C'est l'espoir ou le désespoir qui déterminera pour le rêveur éveillé — pour le poète — l'action de son imagination. Qu'il formule cet espoir ou ce désespoir et ses rapports avec le monde changeront immédiatement. Tout est au poète objet à sensations et, par conséquent, à sentiments.

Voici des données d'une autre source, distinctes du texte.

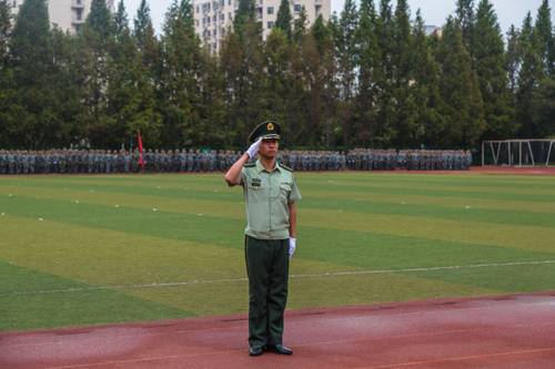 庄群华院长下达军训汇报表演开始命令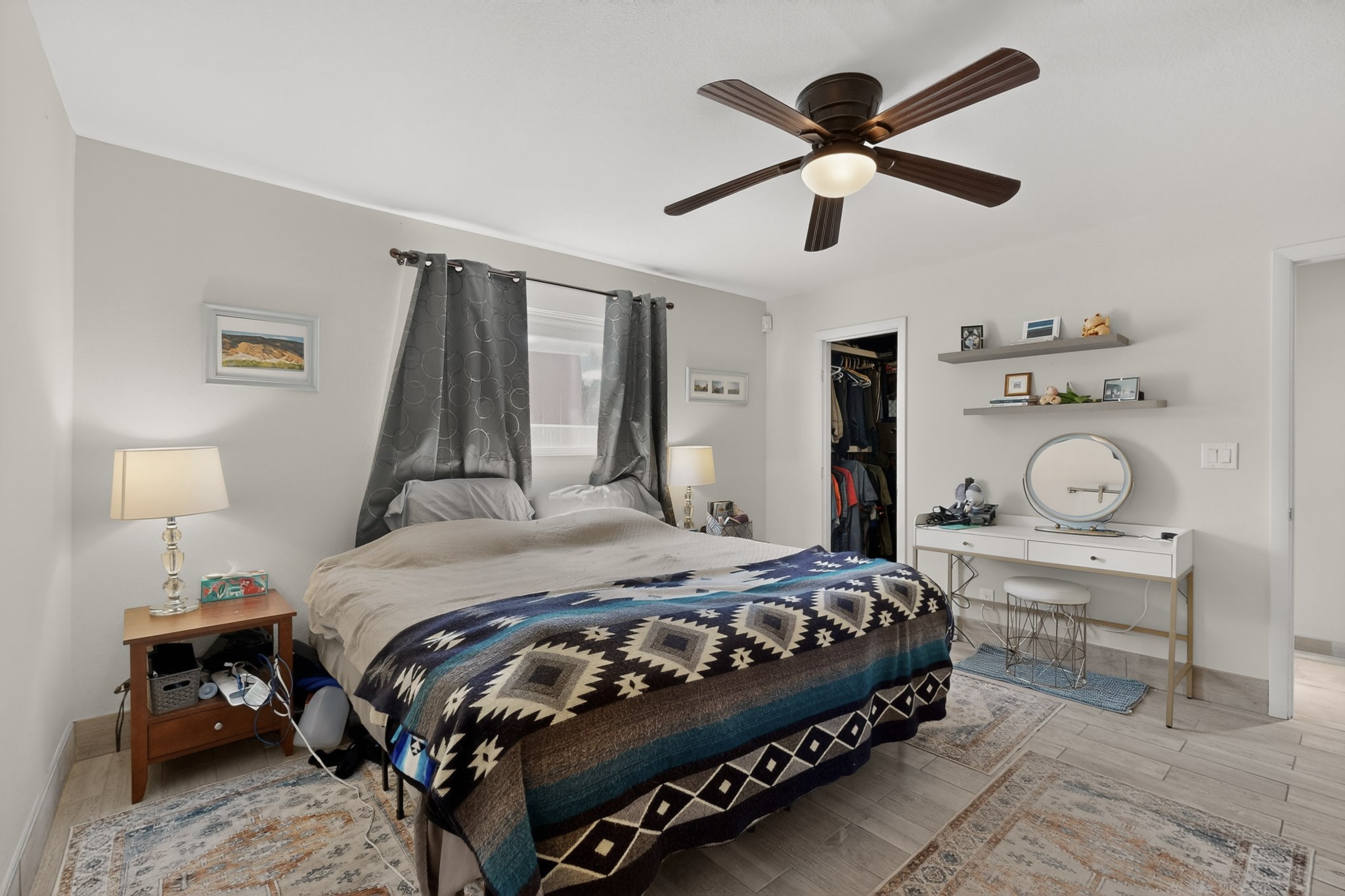 Welcome to Via Caballero, a highly sought-after neighborhood, known for quiet living and oversized lots in a centralized location. This home has been renovated with a new Solar system, new flooring, new windows, new stucco and roof, new skylights, a beautiful new kitchen with a built-in Miele coffee station and lots of storage, along with updated bathrooms - all within the last 5 years. The sellers have installed a new dishwasher, refrigerator, washer and dryer. To add to the amenities, you have a 884 square foot RV garage with 3 bays that is heated for any work or play that you want. There is good separation between the primary bedroom and the other bedrooms and lots of living space with a living room and a family room. The kitchen, dining room and breakfast nook have an open concept and adjoin the family room. The backyard is completely enclosed with a stucco wall and has an outdoor kitchen with a built-in range and storage. A new hot tub and outdoor fountain for your enjoyment are in the privacy of the covered patio in your backyard. The house is completely powered from the new solar panels that have been paid for. This property has so much to offer - all in a great location with lots of space to make it your own at a great price!

Tout le concret devient alors l'aliment de son imagination et l'espoir, le désespoir passent, avec les sensations et les sentiments, au concret.
Facile
Tu te lèves l'eau se déplie
Tu te couches l'eau s'épanouit
Tu es l'eau détournée de ses abîmes
Tu es la terre qui prend racine
Et sur laquelle tout s'établit
Tu fais des bulles de silence dans le désert des bruits
Tu chantes des hymnes nocturnes sur les cordes de l'arc-en-ciel,
Tu es partout tu abolis toutes les routes
Tu sacrifies le temps
À l'éternelle jeunesse de la flamme exacte
Qui voile la nature en la reproduisant
Femme tu mets au monde un corps toujours pareil
Le tien
Tu es la ressemblance.
***
Queslques-uns des mots qui, jusqu'ici, m'étaient mystérieusement interdits
(À André Breton)
Le mot cimetière
Aux autres de rêver d'un cimetière ardent
Le mot maisonnette
On le trouve souvent
Dans les annonces des journaux dans les chansons
Il a des rides c'est un vieillard travesti
Il a un dé au doigt c'est un perroquet mûr
Pétrole
Connu par des exemples précieux
Aux mains des incendies
Neurasthénie un mot qui n'a pas honte
Une ombre de cassis entre deux yeux pareils
Le mot créole tout en liège sur du satin
Le mot baignoire qui est traîné
Par des chevaux parfaits plus laids que des béquilles
Sous la lampe ce soir charmille est un prénom
Et maîtrise un tiroir où tout s'immobilise
Fileuse mot fondant hamac treille pillée
Olivier cheminée au tambour de lueurs
Le clavier des troupeaux s'assourdit dans la plaine
Forteresse malice vaine
Forteresse malice vaine
Vénéneux rideau d'acajou
Guéridon grimace élastique
Cognée erreur jouée aux dés
Voyelle timbre immense
Sanglot d'étain rire de bonne terre
Le mot déclic viol lumineux
Éphémère azur dans les veines
Le mot bolide géranium à la fenêtre ouverte
Sur un coeur battant
Le mot carrure bloc d'ivoire
Pain pétrifié plumes mouillées
Le mot déjouer alcool flétri
Palier sans portes mort lyrique
Le mot garçon comme un îlot
Myrtille lave galon cigare
Léthargie bleuet cirque fusion
Combien reste-t-il de ces mots
Qui ne me menaient à rien
Mots merveilleux comme les autres
Ô mon empire d'homme
Mots que j'écris ici
Contre toute évidence
Avec le grand souci
De tout dire.
***
Novembre 1936
Regardez travailler les bâtisseurs de ruines
Ils sont riches patients ordonnés noirs et bêtes
Mais ils font de leur mieux pour être seuls sur cette terre
Ils sont au bord de l'homme et le comblent d'ordures
Ils plient au ras du sol des palais sans cervelle.
*
On s'habitue à tout
Sauf à ces oiseaux de plomb
Sauf à leur haine de ce qui brille
Sauf à leur céder la place.
*
Parlez du ciel le ciel se vide
L'automne nous importe peu
Nos maîtres ont tapé du pied
Nous avons oublié l'automne
Et nous oublierons nos maîtres...
*
Ville en baisse océan fait d'une goutte d'eau sauvée
D'un seul diamant cultivé au grand jour
Madrid ville habituelle à ceux qui ont souffert
De cet épouvantable bien qui nie être en exemple
Qui ont souffert
De la misère indispensable à l'éclat de ce bien
*
Que la bouche remonte vers sa vérité
Souffle rare sourire comme une chaîne brisée
Que l'homme délivré de son passé absurde
Dresse devant son frère un visage semblable
Et donne à la raison des ailes vagabondes.